Aggregate limits for dependent graduates is $31,000 or $57,500 for independent, including subsidized and unsubsidized loans. The total for graduate students is $138,500—includes undergraduate loans and a maximum of $65,000 subsidized.
The origination fee, repayment plans and forgiveness programs are the same as for direct subsidized loans, but the forgiveness amount for unsubsidized loans may be higher because of the interest that accrues at disbursement.
Direct PLUS Loans
Direct PLUS loans are available to graduate students, professional students enrolled in professional programs and parents of dependent undergraduate students.

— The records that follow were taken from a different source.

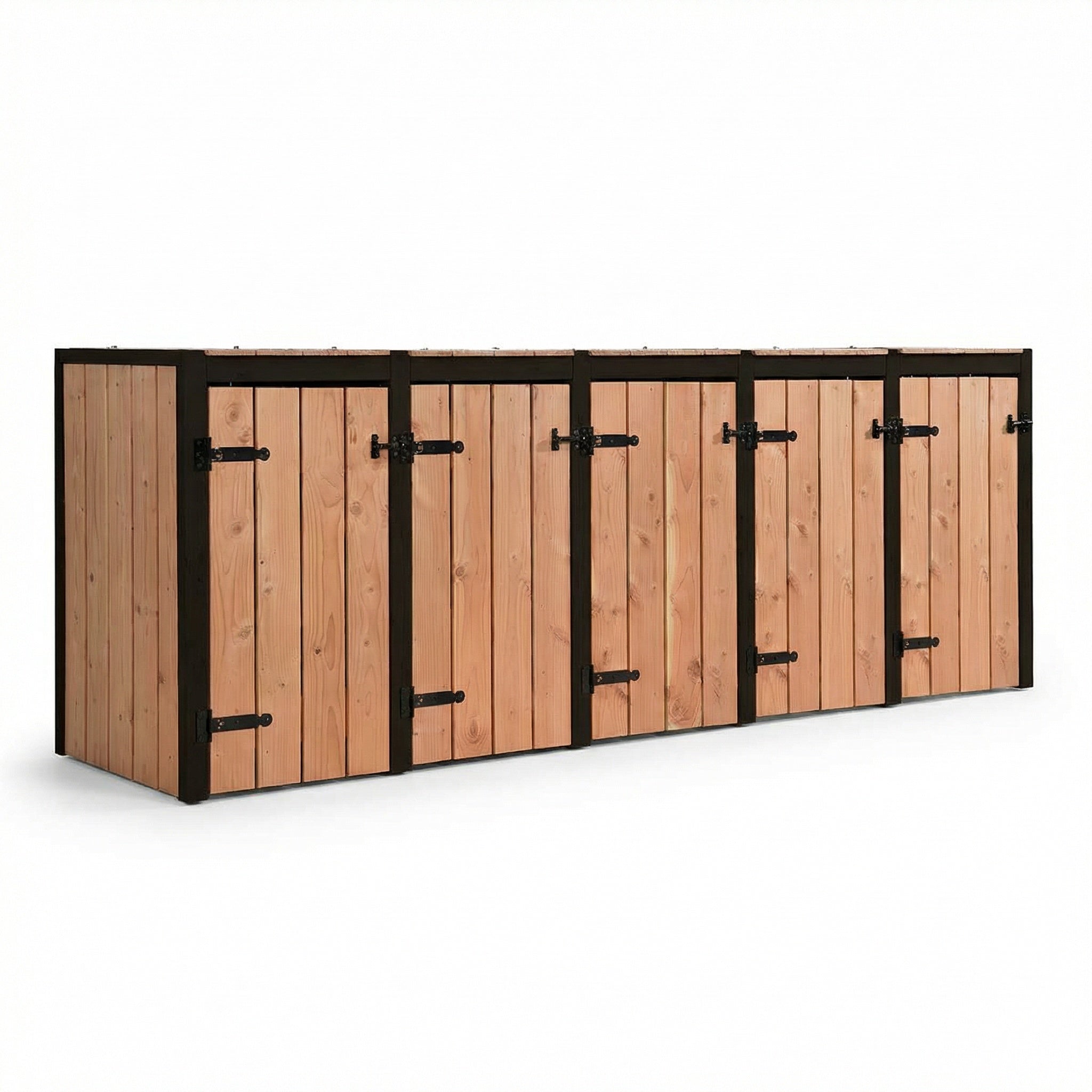 De container ombouw Antwerpen voor 5 containers van Wood & Steel Tuindecoratie biedt een nette en duurzame oplossing voor het opbergen van meerdere kliko’s.
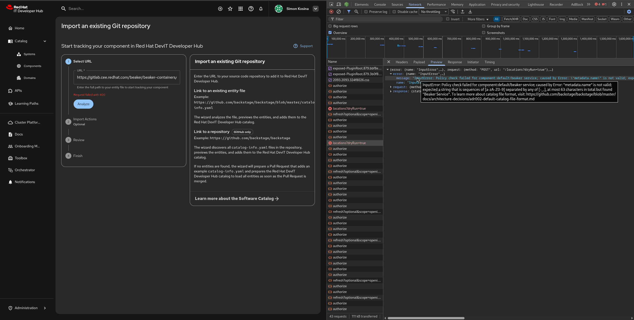 For example, user tried to register an entity file with an invalid "metadata.name" value. All that's displayed in the UI is the "Request failed with 400" message. However, when I check the catalog API response in the network tab, the error message clearly says what's wrong with the file (see screenshot).
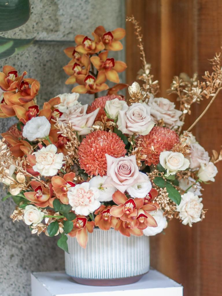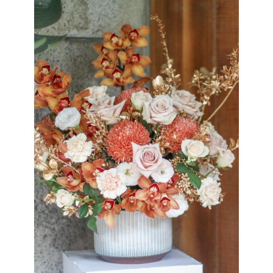花材為天然植物,會因氣候的變化而產生不同的色澤,顏色也會有些許差異性,如遇花材或花器缺貨,請同意花藝設計師更換類似花材及花器。

Borrowers should not have an adverse credit history but may still qualify with an endorser.
Interest accrues immediately upon disbursement at 9.08% if received before 1 July 2025, and unpaid interest is capitalized.
Direct PLUS loans are suitable for borrowers seeking to cover large funding gaps since aggregate caps aren’t enforced.
One of the key differences between direct subsidized/unsubsidized loans and PLUS loans is that the origination fee for the latter is 4.228% as opposed to 1.057% for subsidized/unsubsidized if disbursed before 1 October 2025. That means the lender will deduct 4.228% of the PLUS loan before disbursing to the borrower.
Repayment plans are the same as direct subsidized/unsubsidized loans, but parent PLUS borrowers aren’t eligible for most income-driven repayment (IDR) plans unless consolidated into a Direct Consolidation Loan. Repayment for parent PLUS usually begins immediately after full disbursement. Deferment is available while the student is enrolled at least half-time and for 6 months after.

This loan includes parent PLUS liability, making parents liable for the loan repayment, even if the student doesn’t graduate or encounters financial difficulty.
Private Loans
Private lenders such as banks, credit unions and other financial institutions offer student loans to undergraduate, graduate and professional students. International students may also qualify with a U.S.-based co-signer, and approval depends on the borrower’s credit score, income and debt-to-income ratio.
Interest rates are usually fixed between 4% and 15%, but variable rates that fluctuate with market indices may be applicable. Interest accrues immediately after disbursement and unpaid interest may be capitalized.
Private loans cover the cost of attendance (COA) minus financial aid, and repayment terms are usually between 5 to 20 years. Repayment options include principal and interest payments, which start during school, interest-only payments require interest to be paid while in school and deferred payments provide a 6-month grace period after graduation.
Private loans don’t qualify for federal protection and non-payments of 120 to 180 days may lead to damaged credit, lawsuits or collection.
You can apply directly with the lender, and you may be required to sign a promissory note.